On the 12th September,  25years ago Hurricane Gilbert hit Jamaica.  It's a hurricane that people continue to talk about. Where were you on this date. Were you born?  I was living in England. I always remember the scenario of the woman on the tv. saying mi breadfruit tree gaan. there was so much drama. Sadly some persons lives were lost.
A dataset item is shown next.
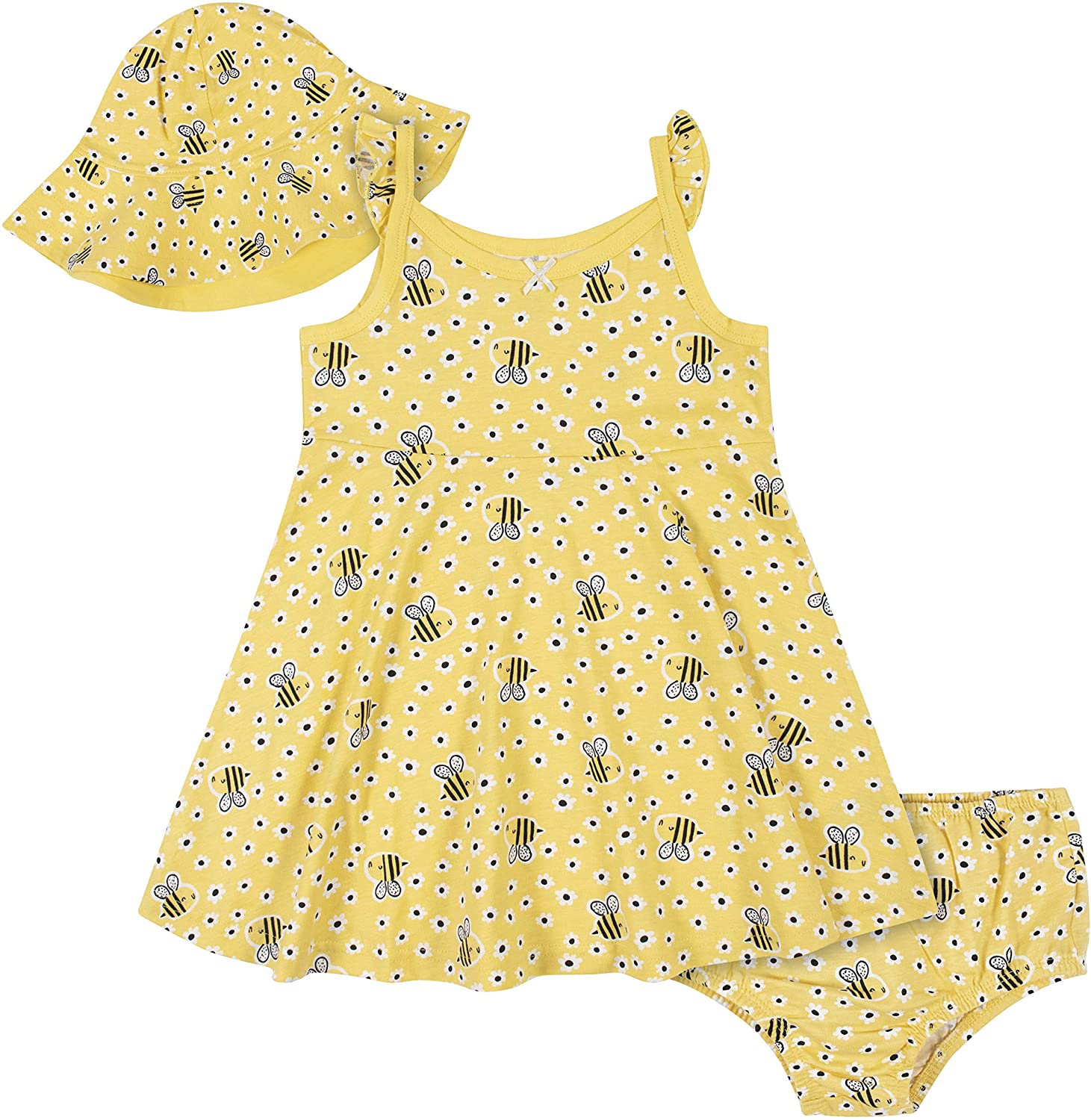 Gerber Baby Girls' 3-Piece Sundress, Diaper Cover and Hat Set

Whilst others it took years to build back their homes.  Even until this day I will always remember that song sung by Lovingdeer.  That song was indeed a hit. :Cool:

----------


## Seveen

i was living in Atlanta watching Jamaica get decimated by Gilbert --- a few days later i was in Jamaica - with as many supplies for friends as i could carry --- i will never forget blue tents all over the place --- very grim time

----------


## Marko

mi was up in New England pounding nails and painting when mi heard da sad news........ 
mi had just been there hanging out on da beach that spring at Barry's.........
and knew from the destruction they were broadcasting.......
that it would take a long time to recover......it saddened mi very much
so I took mi time getting back.....mi had a lot of irons in da fire back then
it's the longest break mi ever took from Negril......
and finally returned in '91 and things seemed back to normal.....
though there wasn't as much floral.....and you could see clear to the ocean from the hills......
as compared to prior to Gilbert when all you could see was bush from the hills.......
a lot of new roofs.......LTU had to rebuild their place etc which is where mi stayed in '91
mi heard a lot of war stories when mi had returned......and the beach was missing a lot of trees
mi ex was hold up at the family house when Gilbert hit.....
she said Gilbert took a break and the sun came out...
and then she said the backlash from Gilbert was worse than the intial hit........
she had nightmares about Gilbert for years after it happened.......
everyone still talkie about it der.......like it happened yesterday........yah mon

Cool Runnings, Marko

----------


## MissBlue

i was in Negril....  it was my first trip to Jamaica....  we were camped out on the cliffs, at a place called 'Dred Lion', which was directly adjacent to Ricks just on the other side of the little wall next to the diving platform. At that time there was a little guest house there with a lovely lush green area out at the cliff edge, where we had pitched our tent. One day we were sitting on the beach down at the craft market (about 5 shacks at the time) when the storm rolled in - we had NO CLUE it was a hurricane (no tv or phones up there in those days, so we had not seen nor heard any 'news')... and we thought "how _cool_!  We can watch a thunderstorm over the sea!" - lol.  Little did we know. Then the rain started really pounding, and we saw a big hot-pink strike of lightning hit the transformer box, exploding it in a huge shower of sparks; all the lights went out all the way up the west end -  then we realized something was up, and we'd better get up to the cliffs and check on our campsite.  by the time we reached up there the entire tent was filled with water, everything floating away, and our hammock whipping about in the wind, hanging on to what was left of the tree by one little thread. Yeeeks!! LOL.  We had no choice but to leave everything and run, got out to the road and Drumville Cove opened its doors to all who needed shelter, gave everyone a clean towel and free shower, fed us all with whatever snacks they had on hand, and we passed the night hunkered down in there by candlelight.  Came out next day to west end road hip-deep in water ....  after a few hours the water receded revealing everything in utter destruction, and covered in mud. Then we all set about cleanup.....  about a week later when it was time to leave, we literally had no cash left and nearly no belongings; we had given away all our towels and water bottles and flashlights and most of our camping gear and clothing to those in need.... we got to the airport filthy and raggedy, and the security guards looked at us like we were the scum of the earth when we revealed that we did not have any money to pay departure tax.  LMAO! they basically snarled at us to 'just get on the plane and get OUT!" - (I mean what were they gonna do- keep us there and pay for our upkeep?  LOL) 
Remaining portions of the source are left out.